--- Problem description ---
The copy you print must match the listing exactly, with its pictures removed.

--- Provided data ---
============
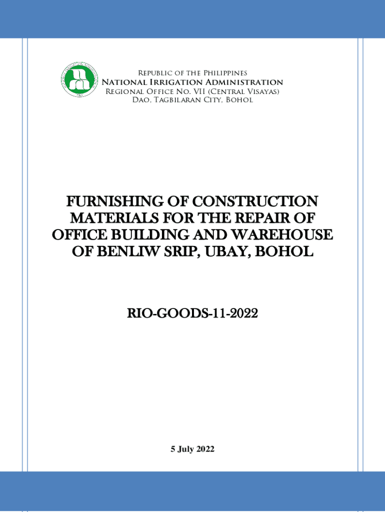 Republic of the PhilippinesNational Irrigation Administration Regional Office No. VII (Central Visayas) Dao, Tagbilaran City, BoholFURNISHING OF CONSTRUCTION MATERIALS FOR THE REPAIR OF OFFICE BUILDING
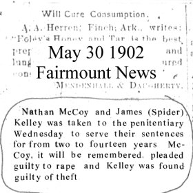Nathan McCoy and James (Spider) Kelley was taken to the penitentiary Wednesday to serve their sentences for from two to fourteen years. McCoy, it will be remembered, pleaded guilty to rape, and Kelley was found guilty of theft.
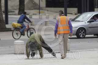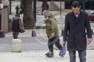 MÉXICO, D.F., 30SEPTIEMBRE2015.- Un hombre de edad mayor aprende a patinar en la explanada del Monumento a la Revolución. Los patines le fueron obsequiados, por lo que decidió que nunca es tarde para aprender a usar un buen obsequio. FOTO: JUAN PABLO ZAMORA /CUARTOSCURO.COM
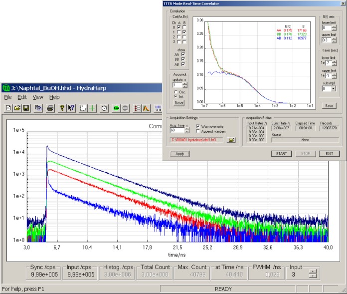 A time-tagged mode for recording of individual photon events with their arrival time on all channels allows the most sophisticated offline analysis of the photon dynamics. Time-Tagged Time-Resolved (TTTR) data can also be correlated in real-time for monitoring of FCS experiments at count rates up to 1,000,000 counts/sec. In TTTR mode, the device can be synchronized with other hardware such as scanners.
============
--- Answer to this task ---
 Republic of the PhilippinesNational Irrigation Administration Regional Office No. VII (Central Visayas) Dao, Tagbilaran City, BoholFURNISHING OF CONSTRUCTION MATERIALS FOR THE REPAIR OF OFFICE BUILDING
Nathan McCoy and James (Spider) Kelley was taken to the penitentiary Wednesday to serve their sentences for from two to fourteen years. McCoy, it will be remembered, pleaded guilty to rape, and Kelley was found guilty of theft.
 MÉXICO, D.F., 30SEPTIEMBRE2015.- Un hombre de edad mayor aprende a patinar en la explanada del Monumento a la Revolución. Los patines le fueron obsequiados, por lo que decidió que nunca es tarde para aprender a usar un buen obsequio. FOTO: JUAN PABLO ZAMORA /CUARTOSCURO.COM
 A time-tagged mode for recording of individual photon events with their arrival time on all channels allows the most sophisticated offline analysis of the photon dynamics. Time-Tagged Time-Resolved (TTTR) data can also be correlated in real-time for monitoring of FCS experiments at count rates up to 1,000,000 counts/sec. In TTTR mode, the device can be synchronized with other hardware such as scanners.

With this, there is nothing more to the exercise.